BRIEF - Could you retype exactly the lines below between the one holding "- Click the" and the one holding "Per la remissione", inclusive, leaving out any pictures?

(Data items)
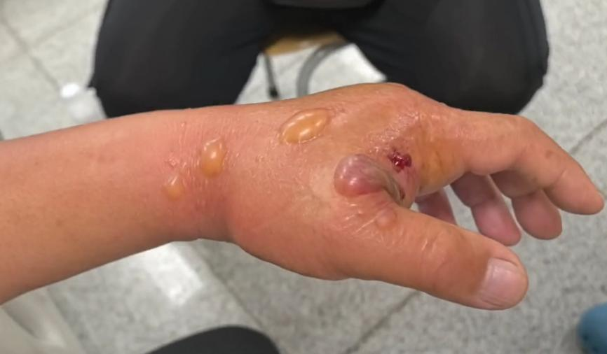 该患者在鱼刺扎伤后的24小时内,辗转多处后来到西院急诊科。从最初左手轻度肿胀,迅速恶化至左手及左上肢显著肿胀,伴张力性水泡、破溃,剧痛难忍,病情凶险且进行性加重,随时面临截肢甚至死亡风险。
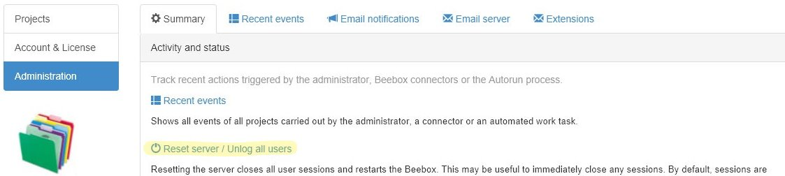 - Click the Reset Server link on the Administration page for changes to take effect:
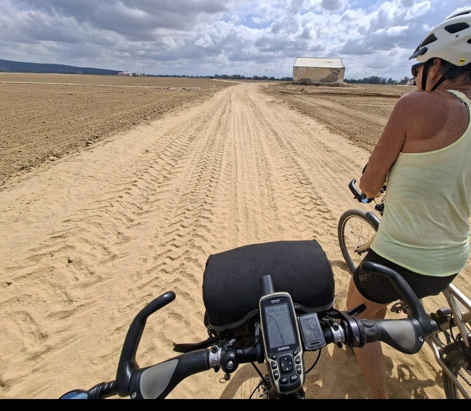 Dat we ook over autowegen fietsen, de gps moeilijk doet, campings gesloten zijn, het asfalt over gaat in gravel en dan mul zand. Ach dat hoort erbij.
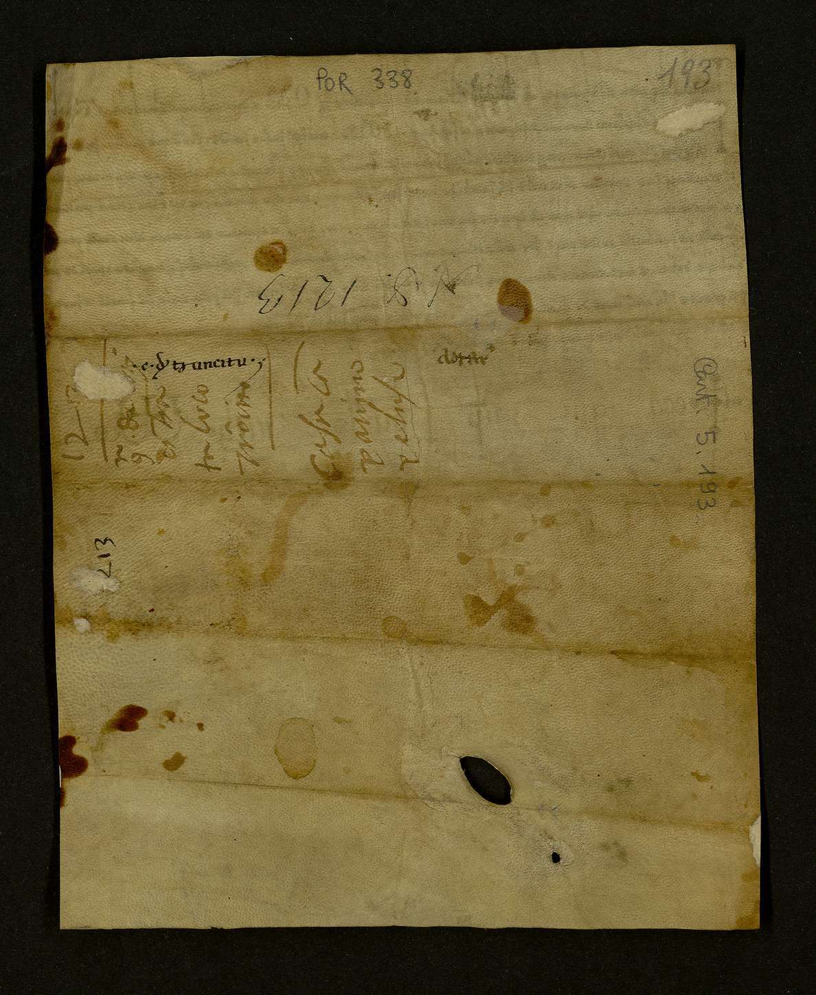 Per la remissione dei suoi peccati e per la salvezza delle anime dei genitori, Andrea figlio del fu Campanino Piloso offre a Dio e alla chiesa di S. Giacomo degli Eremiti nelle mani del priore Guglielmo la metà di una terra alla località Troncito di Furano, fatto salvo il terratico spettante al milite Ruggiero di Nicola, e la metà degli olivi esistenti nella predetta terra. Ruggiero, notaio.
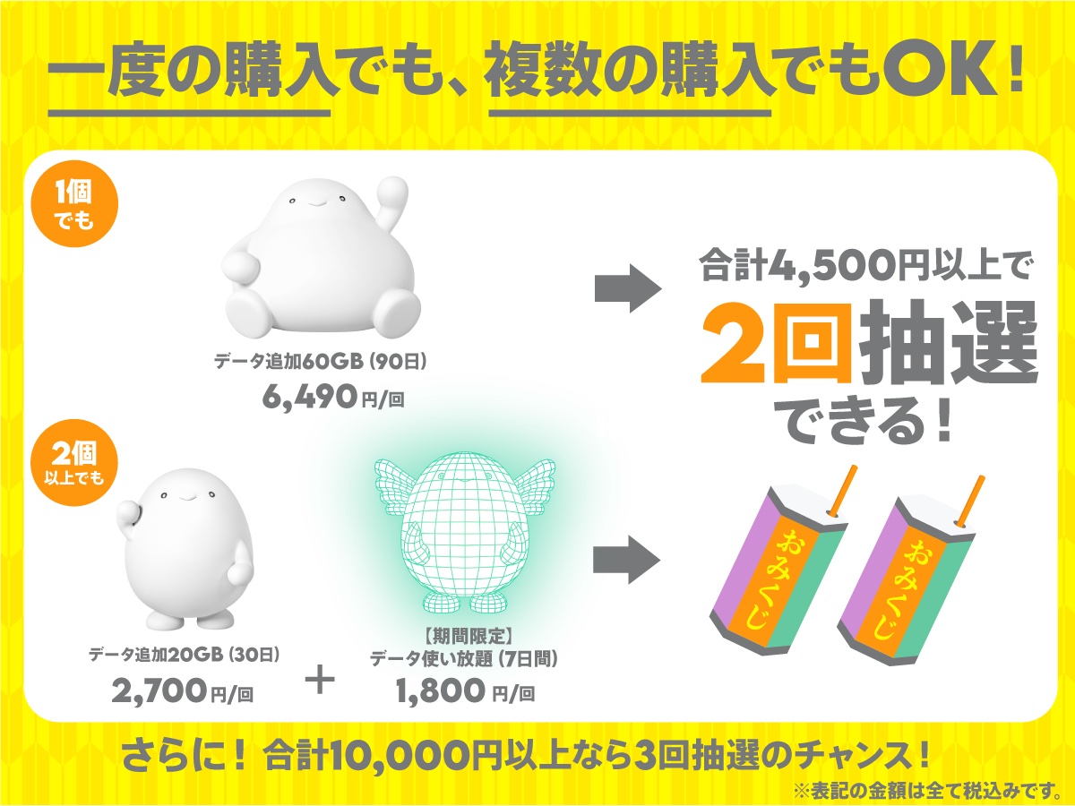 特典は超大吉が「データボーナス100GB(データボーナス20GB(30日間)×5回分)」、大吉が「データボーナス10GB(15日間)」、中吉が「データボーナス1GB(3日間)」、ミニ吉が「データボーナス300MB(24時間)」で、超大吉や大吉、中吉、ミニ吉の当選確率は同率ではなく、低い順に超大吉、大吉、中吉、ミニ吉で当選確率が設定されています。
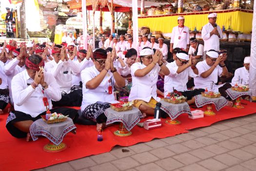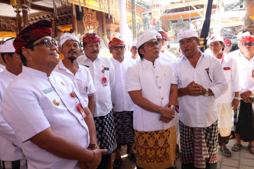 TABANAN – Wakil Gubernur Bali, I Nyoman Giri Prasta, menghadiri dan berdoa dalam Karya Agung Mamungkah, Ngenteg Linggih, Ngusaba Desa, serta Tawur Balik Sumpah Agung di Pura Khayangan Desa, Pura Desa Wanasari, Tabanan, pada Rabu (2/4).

TASK RESPONSE -
 - Click the Reset Server link on the Administration page for changes to take effect:
 Dat we ook over autowegen fietsen, de gps moeilijk doet, campings gesloten zijn, het asfalt over gaat in gravel en dan mul zand. Ach dat hoort erbij.
 Per la remissione dei suoi peccati e per la salvezza delle anime dei genitori, Andrea figlio del fu Campanino Piloso offre a Dio e alla chiesa di S. Giacomo degli Eremiti nelle mani del priore Guglielmo la metà di una terra alla località Troncito di Furano, fatto salvo il terratico spettante al milite Ruggiero di Nicola, e la metà degli olivi esistenti nella predetta terra. Ruggiero, notaio.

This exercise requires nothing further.